Mell works in a 3,600-square-foot studio that was once a grocery store, about three blocks from the hospital where he was born. Most of his works begin, he says, “sort of like automatic writing. I get a vague idea in my mind of what I want to do, grab a small canvas board, sit down, and make some marks, seeing where they take me. That may evolve into a second study that’s a little more refined, before I do the final painting.” For those finished creations, he always uses oil paints on linen canvas. “With oils, you can get the richest colors of any medium by far, and there’s no color or value you can’t mix,” he says. “And I just love the arbitrary texture of linen. It has a richness of texture to it that you don’t get as much with cotton canvas.”
He acknowledges that his free-spirited approach to starting a painting can lead him in two very different directions. Some of his compositions are “very abstract,” such as his jagged, crystalline depiction of a cactus flower in DESERT DIAMOND or his reduction of Arizona landscapes to bold, almost block-like forms of solid color.
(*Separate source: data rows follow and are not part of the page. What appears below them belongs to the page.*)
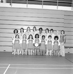 The 1976-1977 women's volleyball team members are shown inside the gymnasium at Jacksonville State University. Shown from left are, kneeling, Polly Sewell, Anita Burnett, Debra Dobbs, Lenora Peters, Dorothy Grimmett, Cindy Pettitt, Patricia Agee, standing, Ana Recurt, Yvonne Gunn, Jan Roberts, Pam Murdock, Lucy Bonds, Janice Whitaker, Beverly Caviness, Karen Hester, and Sharon Laney (team manager and trainer).
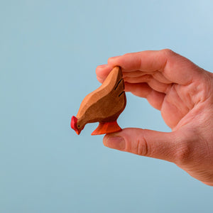The lovely Bumbu Toys Brown Hen is a soft shade of milk chocolate, with contrasting red and orange feet, beak, and crest. She's a fan of grubs and worms and basking in the sun.
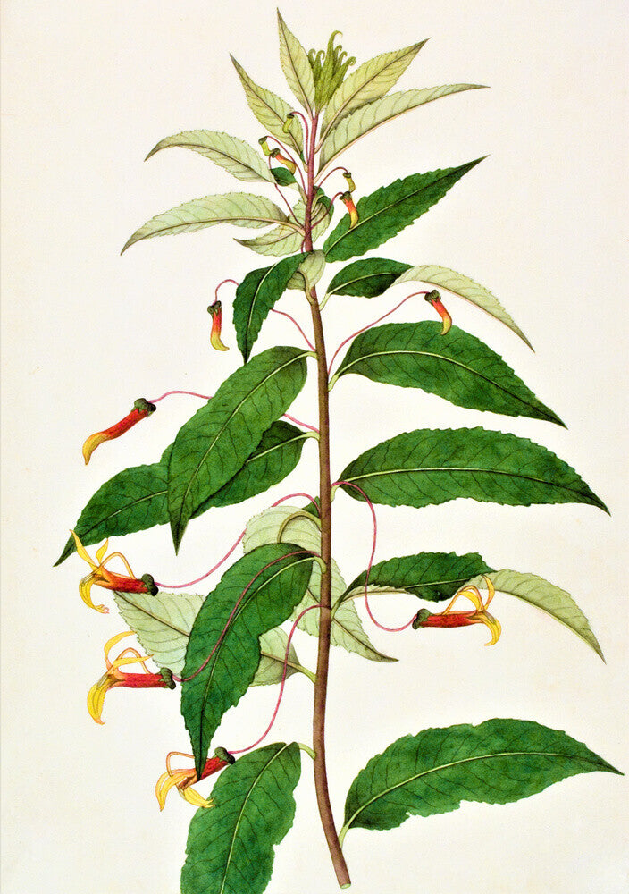 Watercolour heightened with gum arabic over traces of pencil, overdrawn with ink. Original artwork 24.5 x 35.8 cm. Annotated: Siphocampylus (pencil).
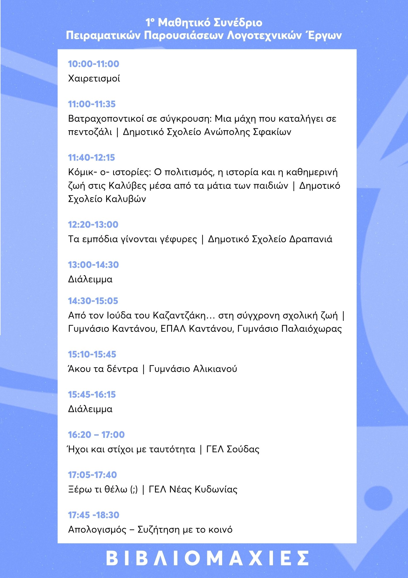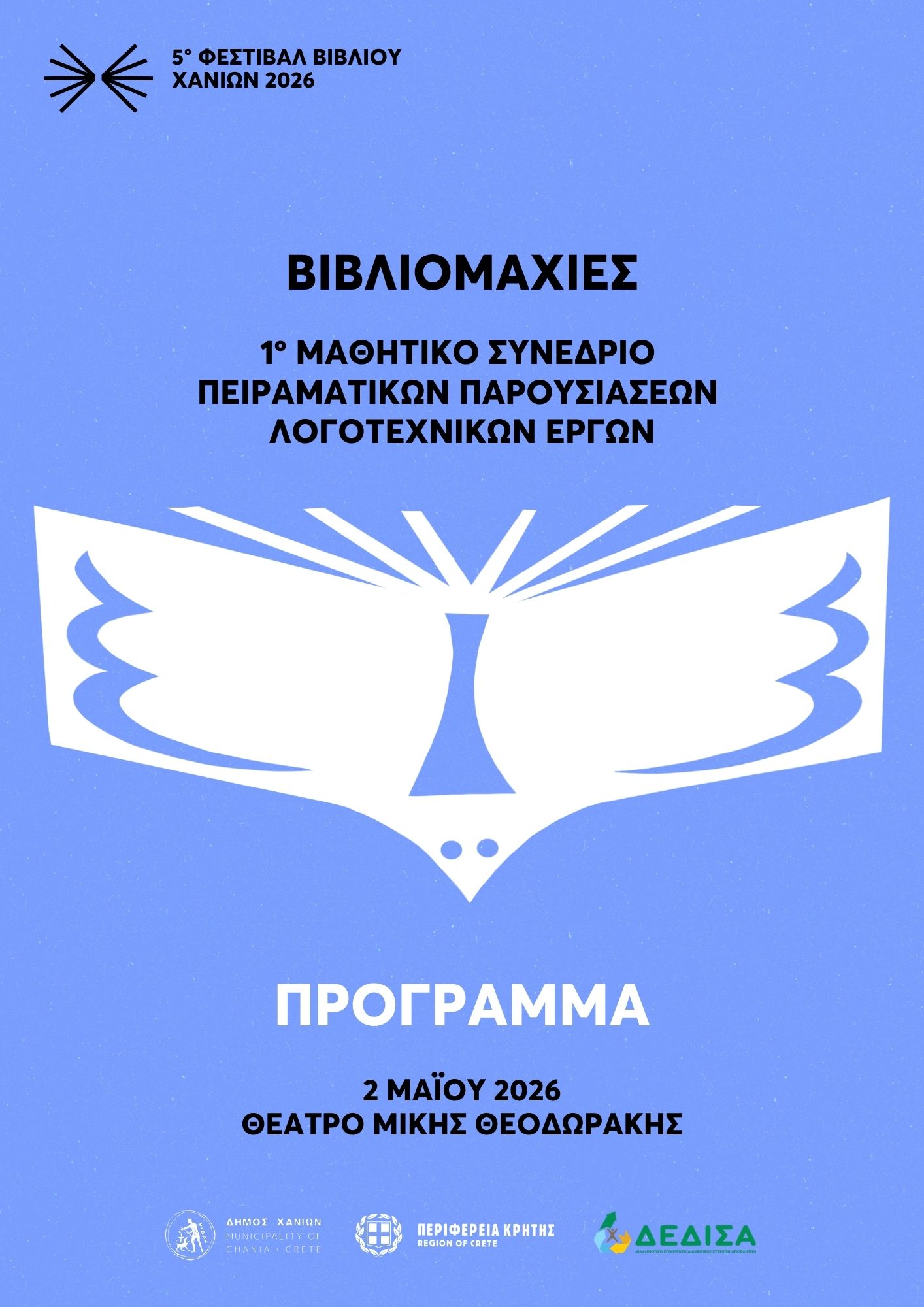 Το Σάββατο 2 Μαΐου 2026, στο Θέατρο «Μίκης Θεοδωράκης», θα πραγματοποιηθεί το 1ο Μαθητικό Συνέδριο Πειραματικών Παρουσιάσεων Λογοτεχνικών Έργων,  όπου μαθητικές ομάδες από σχολεία του Νομού Χανίων (Δημοτικό σχολείο Καλυβών, Λύκειο Νέας Κυδωνίας, Λύκειο Σούδας, Γυμνάσιο Καντάνου, ΕΠΑΛ Καντάνου, Γυμνάσιο Παλαιόχωρας, Δημοτικό Σχολείο Ανώπολης, Δημοτικό Σχολείο Δραπανιά, Γυμνάσιο Αλικιανού) που παρακολούθησαν τα εργαστήρια του εκπαιδευτικού προγράμματος «Βιβλιομαχίες» θα παρουσιάσουν συλλογικές, διακαλλιτεχνικές εργασίες βασισμένες σε λογοτεχνικά έργα της ελληνικής και παγκόσμιας γραμματείας, και θα ακολουθήσει συζήτηση με το μαθητικό και ενήλικο κοινό.
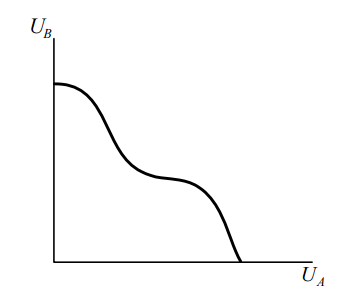 三、假設一經濟體系只有 A 和 B 兩個人,效用可能曲線(utility possibility curve)如下 圖所示:
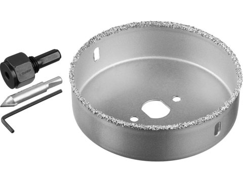 Коронка-чашка ЗУБР "ПРОФЕССИОНАЛ" c карбид-вольфрамовым нанесением, 102 мм, высота 25 мм, в сборе с державкой и сверлом 33360-102_z01, применяется при резке гипсокартона, кафельной и керамической плитки, кирпича, ячеистого бетона. Аккуратное сверление материала без трещин и сколов. Новейшая технология автоматического нанесения и спаивания твердосплавной крошки обеспечивает надежное соединение. Равномерное нанесение твердосплавных режущих элементов обеспечивает аккуратное сверление без трещин и сколов.
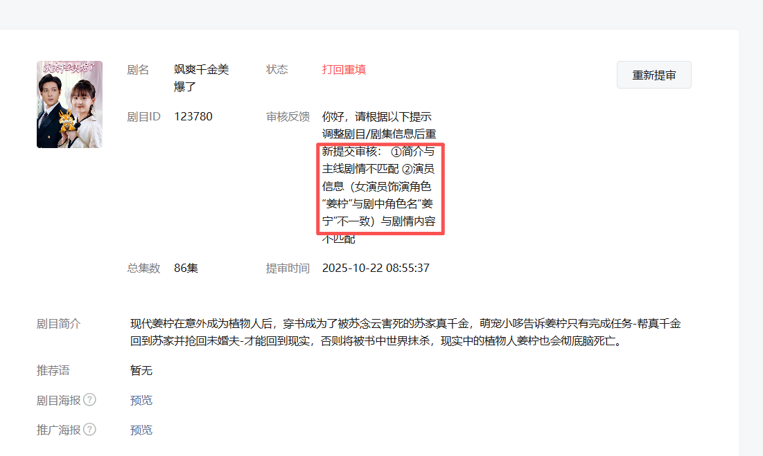 这部剧里的角色名称就是姜柠,不明白这个判断是机器人判断的还是人为的?剧情简介也是根据真实剧情写的?是如何判断与主线剧情不符合的?
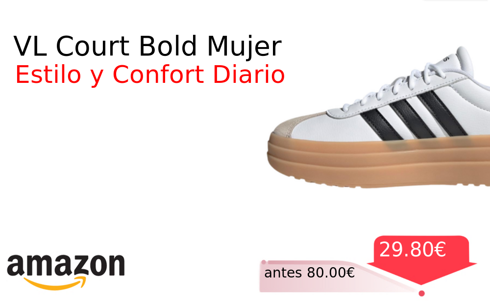 Mitad de precio✂️ VL Court Bold Mujer❗️🆕 #Amazon 🇪🇸 📛Precio Ya 29.80€❗️ (PVP: +80.00€) ✨Zapatillas adidas para mujer con diseño clásico y versátil Ofrecen comodidad duradera y un estilo atemporal para el día a día combinando funcionalidad. cholloya.com/ADIDAS_VL_COURT
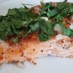 Выложить на рыбу чеснок с петрушкой, разровнять.

Others, by contrast, come off as “more realistic.” For example, his large-scale piece ASCENDING STORM/GRAND CANYON [shown on the cover] heightens the canyon’s natural beauty through its variegated colors and crisply delineated forms. “That painting is a good example of how I deal with the power of nature,” he says.
“I’m lucky that people accept the fact that I paint in two styles,” Mell continues. “That I can move back and forth between abstraction and realism keeps me fresh.” So, too, he adds, does his occasional sculpting in clay. “Clay is a very forgiving medium I can work on at my leisure,” he explains of its appeal. His geometric, western-themed figures—cowboys, Indians, horses, bulls—are then cast in bronze.
When not working in his studio, he’s frequently out and about plein-air painting with artist friends Gary Ernest Smith or Larry Clarkson. “You’re out there doing five paintings a day, chasing shadows as they move across rocks, trying to get them in place before they move on you,” he says of such on-site challenges.
Mell is busy these days preparing for four shows—two museum shows and two gallery shows, all in Arizona. His works are in great demand and can be found in the permanent collections of the Tucson Museum of Art, the Phoenix Art Museum, and the Scottsdale Museum of Contemporary Art; in the corporate collections of companies such as Atlantic-Richfield, Bank One, and TriStar Pictures; and on the walls of private collectors including Diane Keaton, Arnold Schwarzenegger, and former Arizona governor and U.S. Secretary of the Interior Bruce Babbitt.
It’s particularly appropriate that Babbitt, long a champion of the southwestern environment, would prize the works of Ed Mell—a true indication that the dynamics and grandeur the artist aims to convey come through loud and clear. “The natural landscape is one of the few cherished treasures we all have,” says Mell. “Hopefully my work will help enhance people’s appreciation for that.”
Dossier
Representation
Overland Gallery of Fine Art, Scottsdale, AZ; Mark Sublette Medicine Man Gallery, Tucson, AZ; The Owings Gallery, Santa Fe, NM.
UPCOMING SHOWS
Solo show, Overland Gallery of Fine Art, March 1-13.
Solo sculpture show, Mark Sublette Medicine Man Gallery, through April 3.
Solo show, Tucson Museum of Art, through May 23.
Solo show, Museum of Northern Arizona, June 19-October 31.